Wednesday, January 05, 2011

Silver Creek Intern's Report, Part 3

Note: This is the final part of Silver Creek Preserve intern Dominique Lucio's report on his summer internship with The Nature Conservancy (read part 1 and 2). We appreciate all the assistance that Dominique and other interns provide on the preserve. They're helping to ensure that it remains one of the great spring creeks of the West.

As I mentioned previously, it takes a lot of work to keep the Preserve running smoothly. As temperatures rose and constant spring showers soaked the valley, the Preserve’s trails quickly became overgrown with grasses and branches.

Though the work was thankfully divided between the four interns, there was plenty of grass to weed whack and branches to trim. Some trails were no longer even visible, and had to be repeatedly cleared over the summer.

As I became acquainted with the flora of the Preserve, it became increasingly obvious that several invasive species such as Canadian thistle, houndstongue, and yellow iris were outcompeting native species, and needed to be stopped. Luckily the Preserve hosted several volunteer spray days where people on foot and ATVs covered the nasty invaders with herbicides targeting the specific species.

Though these days were certainly invaluable, weed spraying was a constant. Fishermen frequently reported new patches of thistle to spray, and interns would respond in Tyvec suits and three gallon backpacks of herbicide.

Other summer-long projects included pulling up and disassembling (think sledgehammer) old wooden and barbed wire fences on the Preserve and at other Nature Conservancy properties such as the Flat Ranch and Soldier preserves. For two days I designed a stencil and painted The Nature Conservancy logo on the side of the Preserve’s several canoes.

Other routine maintenance duties included cleaning the office and other facilities. Once a week interns cleaned the three preserve outhouses, which generally weren’t as bad as expected. Daily responsibilities included cleaning and refilling snail wash stations with natural citrus soap to keep invasive New Zealand mud snails out of Silver Creek.

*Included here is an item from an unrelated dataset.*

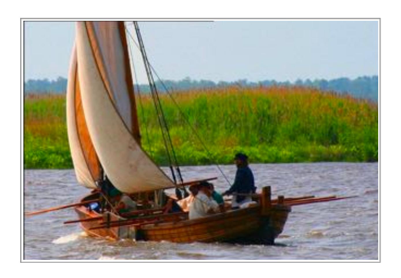
4 Days/3 Nights Gateway City: Baltimore, Maryland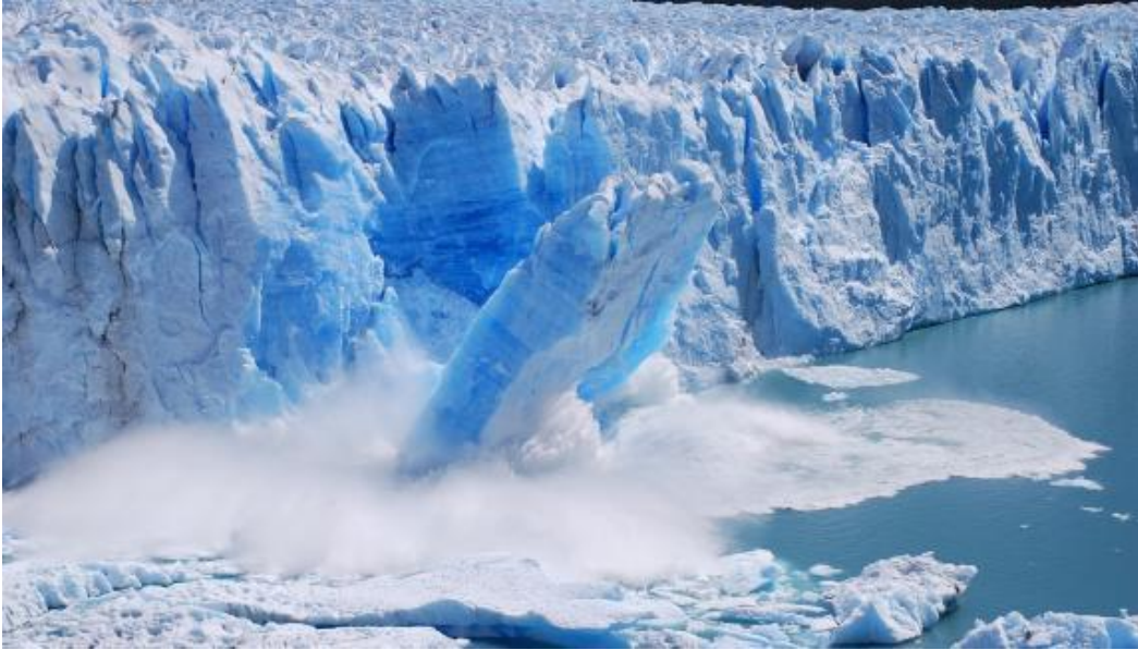
Thanks to Sandava

One of the messiest and most hilarious projects I have ever worked on took place over the course of three days, in which three other interns and I dug up underwater patches of reeds and marsh grasses and transplanted them by the truckload to edges of the creek where the channel widens and heats up. By the end of each day we were completely drenched in mud and exhausted beyond caring about appearances, but we felt proud to have helped narrow the stream and hopefully better conditions for the wildlife.

Public Relations
The aspect of the internship I most dreaded at the beginning of the summer, public relations, turned out to be one of the most fun.

I greatly enjoyed accompanying different groups on canoe floats down the creek, from children with disabilities to Nature Conservancy employees from across the country.

I was also able to help with staff retreat work days and a ladies’ appreciation day held at Stalker Cabin. It was at the visitor center that I met the most fishermen, learned the most about the local wildlife, and heard wild stories of moose sightings, midnight fishing, and canoe mishaps.

These interactions really gave me a sense of the Preserve’s importance to several diverse groups throughout the state.

This summer was one of the best and most educational of my life. Working with Dayna Gross and the interns, as well as the volunteers and in-town office members, was the best work experience I have encountered thus far in my developing environmental science career.

Though I regret to say I never got around to fly fishing, I feel like I more than made up for it with bird watching enthusiasm. Never before have I seen such numbers and variety of birds as I did at Silver Creek, from tiny sora and hummingbirds to massive great horned owls, harriers, and Swainson’s hawks.

Most of all I would like to thank Jack and Sara Blumenstein for setting up and continuing to support the internship.

The opportunity to spend a summer so imbedded in nature is the perfect way to introduce people to Charlie’s passion. I am extremely grateful to the Blumenstein family for funding this amazing opportunity, and would strongly recommend the internship to anyone interested in working on the beautiful preserve and meeting so many great people.